In our simulation setup, we included the following factors (see Supplementary Figure S1 for a graphical depiction of some of the conditions): (1) Size of DIF-free cluster (1/3, 1/2, or 2/3 of the 24 items), (2) DIF size (0, 0.05, 0.1, 0.2, 0.4, or 0.8), (3) DIF unbalancedness (balanced and three degrees of unbalancedness), (4) sample size (500, 1000, or 2000 per group), (5) missing response proportion (0%, 20%, or 50%), and (6) location of missing values (on DIF items or DIF-free items), resulting in a 3x6x4x3x3x2 design. Note that for DIF sizes being zero, balancedness is irrelevant and for missing proportions of 0% the location of the missing values is irrelevant. We generated r = 100 data sets for each condition.
The setup includes both conditions in which the number of DIF-free items is the majority—an assumption for the iterative forward approach—as well as conditions in which it is not. In all conditions, the two DIF clusters consisted of the same number of items. The first cluster of items was generated to be DIF-free (FREE). Item difficulties of the second cluster of items (DIF1) were set to be βi2 = βi1 + a and, thus, shifted by a constant a. We chose a so that it depicts a variety of conditions from no DIF (a = 0) to large DIF (a = 0.8). This corresponds to DIF categorizations used in some large scale assessments (Dorans & Holland, 1992). As such, the second set of items was more difficult in Group 2 as compared to Group 1 and disadvantaged Group 2. Item difficulties of the third cluster of items (DIF2) were set to be βi2 = βi1 − a + c ⋅ a, with c depicting the amount of unbalancedness in DIF. c was set to be either 0, 0.5, 1.5, or 2. If c was zero, DIF was balanced. The larger c, the larger was the unbalancedness favoring Group 1. Note that with c = 2, the second and third set of items showed exactly the same amount of DIF. Thus, in this condition the two sets effectively made up one cluster. The condition with a = 0 and c = 0 is a control condition, in which all generated items are DIF-free. As most of the approaches rely on inferential statistics, we additionally varied the precision of item parameter estimation by inducing missing values. Missing values were induced as being missing completely at random either only in DIF-free items or in DIF items.
Analysis
We analyzed the generated data using the extended cluster, EMD and the iterative approaches. Multi-group Rasch models were estimated using full marginal-maximum likelihood framework of the mirt package, version 1.21 (Chalmers, 2012) in R (R Development Core Team, 2008). Applying the EMD approach, we fixed the average item difficulty in each group to be zero. DIF tests were then performed for each item by means of Wald tests. Items which were found to have non-significant group differences were used as anchor.

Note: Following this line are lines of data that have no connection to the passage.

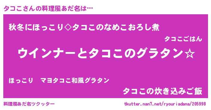 | ヘコむあだ名 | 『豆乳』『タコにー』『タコこ(笑)』 |
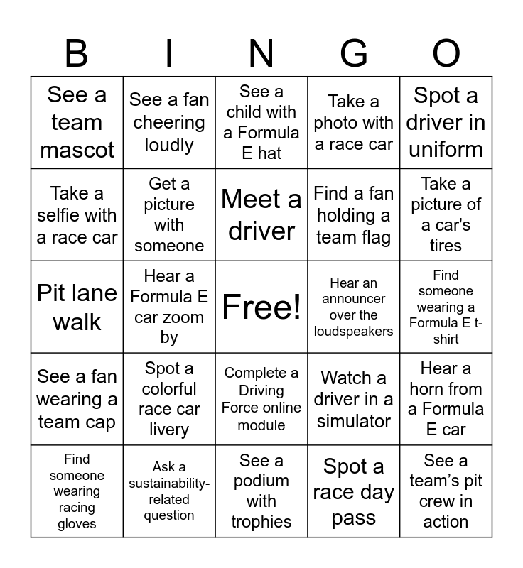 This bingo card has a free space and 40 words: Go on a gaming simulator, Pit lane walk, Ask a motorsport professional a question, Get a picture with someone, Ask a sustainability-related question, Complete a Driving Force online module, Meet a driver, Ask a team member a question, Spot a driver in uniform, See a fan wearing a team cap, Hear a Formula E car zoom by, Take a photo with a race car, See a team’s pit crew in action, Find someone wearing a Formula E t-shirt, Hear an announcer over the loudspeakers, Spot a colorful race car livery, Watch a pit stop in action, See a team mascot, Find someone wearing ear protection, See a child with a Formula E hat, Hear a horn from a Formula E car, Spot a race day pass, Find a fan holding a team flag, Take a selfie with a race car, Spot a celebrity or influencer, See a drone flying above the track, Watch a car drift around a turn, Find a food vendor selling snacks, Hear a drone buzzing overhead, See a recycling station, Spot an open team garage, Find someone wearing racing gloves, See a pit lane full of cars, Watch a driver in a simulator, Take a picture of a car's tires, See a podium with trophies, Find a sponsor's booth, Spot a VIP car, See a fan cheering loudly and Hear the sound of an electric car speeding by.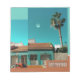A colourful photo of a Spanish town with a traditional building, a crescent moon and a palm tree. Valencia, Alicante.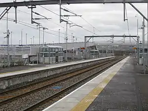 The station was reopened as part of the Airdrie-Bathgate Rail Link,[5] a project created to enable Glasgow and Edinburgh to be linked via a fourth route by reopening the railway between Airdrie and Bathgate. The very severe winter weather of November and December 2010 delayed completion of construction work, and the station was initially served by a replacement bus service. The station was reopened on 4 March 2011.[3]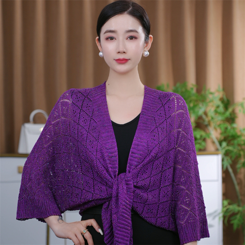 새로운 한국식 여름 에어컨 이불 숄, 패셔너블하고 다재다능하며 밝고 화려한 니트 아우터, 반짝이는 중공 노란색과 흰색 같은 스타일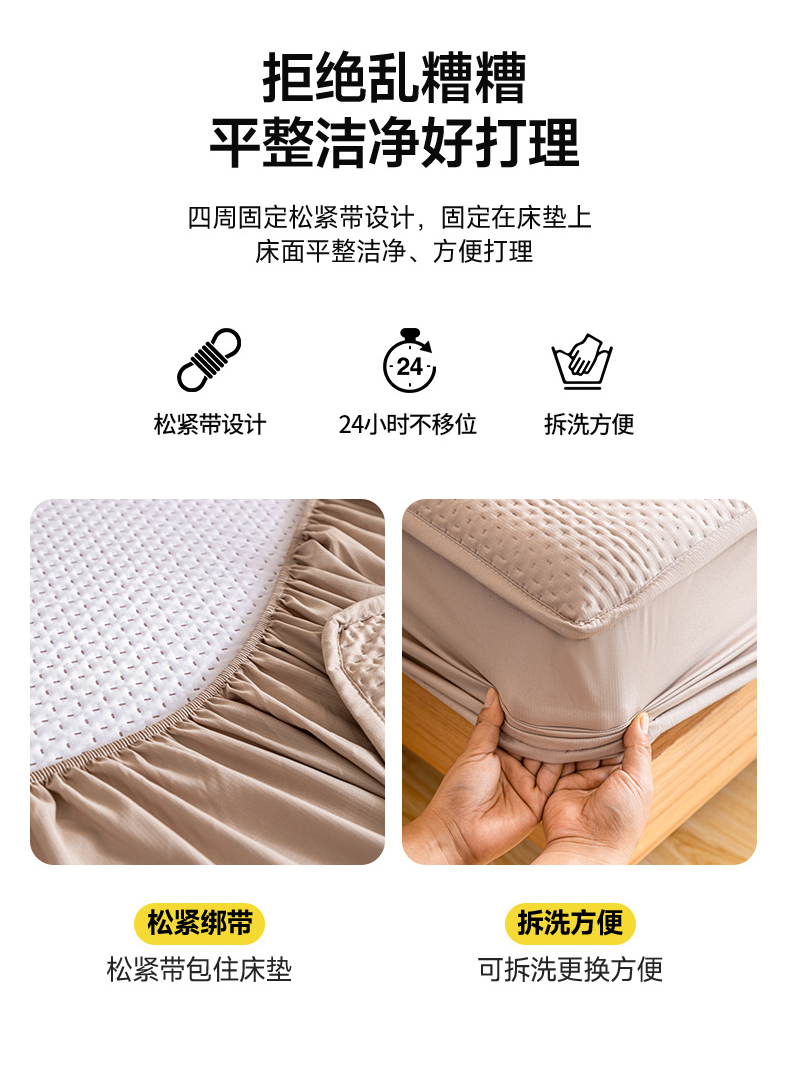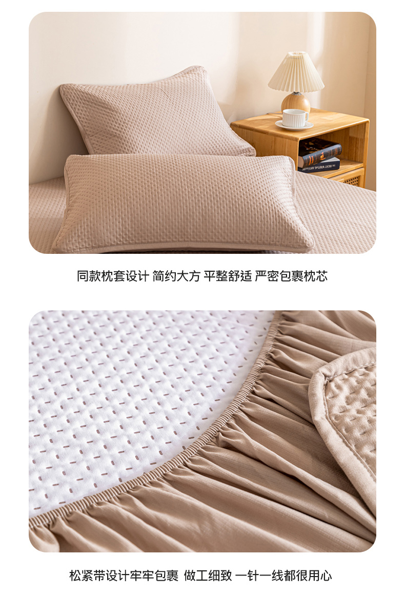 • 91家纺网 家纺一手货源 找家纺 (总)宇淳国际 2026新款美人条A类水洗棉夹棉床笠三件套,白色,卡其,奶黄,浅灰,深灰,天蓝

We implemented the iterative forward algorithm as described by Kopf et al. (2015a). We estimated the two-group model k times, fixing the difficulty of a different item to be the same across groups with each model estimation. Based on the suggestions by Kopf et al. (2015a), we used the mean test statistic ranking criterion as DIF indicator. Using this criterion, first, the average test statistic across all k − 1 analyses was computed for each item. Subsequently, the median of these values across all items was computed. 2 We counted for each item how often each of the k − 1 test statistics for this item was above this median value and ranked the items according to this number. In the first iteration, the item with the highest rank (i.e., showing the lowest indications of DIF) was included in the anchor. Then, DIF analysis was again performed, however, with all items in the anchor being assumed to be measurement invariant in all analyses. This procedure was repeated until the number of items in the anchor exceeded the number of further items detected to be DIF-free.
When implementing the cluster approach, we first estimated the item difficulty parameters by constraining the latent means of both groups to be zero. Note that any parameter restriction would work as the DRIDs are invariant to scale identification. Difference in relative item difficulties were computed as described in equation (3). For cluster identification, we arbitrarily chose the DRID values of the first item and applied the optimal k-means algorithm using the R-package Ckmeans.1d.dp (H. Wang & Song, 2011). In order to determine the number of clusters to be extracted, we used BIC as well as threshold settings. In order to evaluate the impact of threshold choice, we varied the threshold for determining the number of clusters in all analyses to be 0.025, 0.04, 0.05, 0.1, 0.2, 0.3, 0.4, 0.6, or 0.8, covering the whole range of DIF sizes that were implemented in data generation.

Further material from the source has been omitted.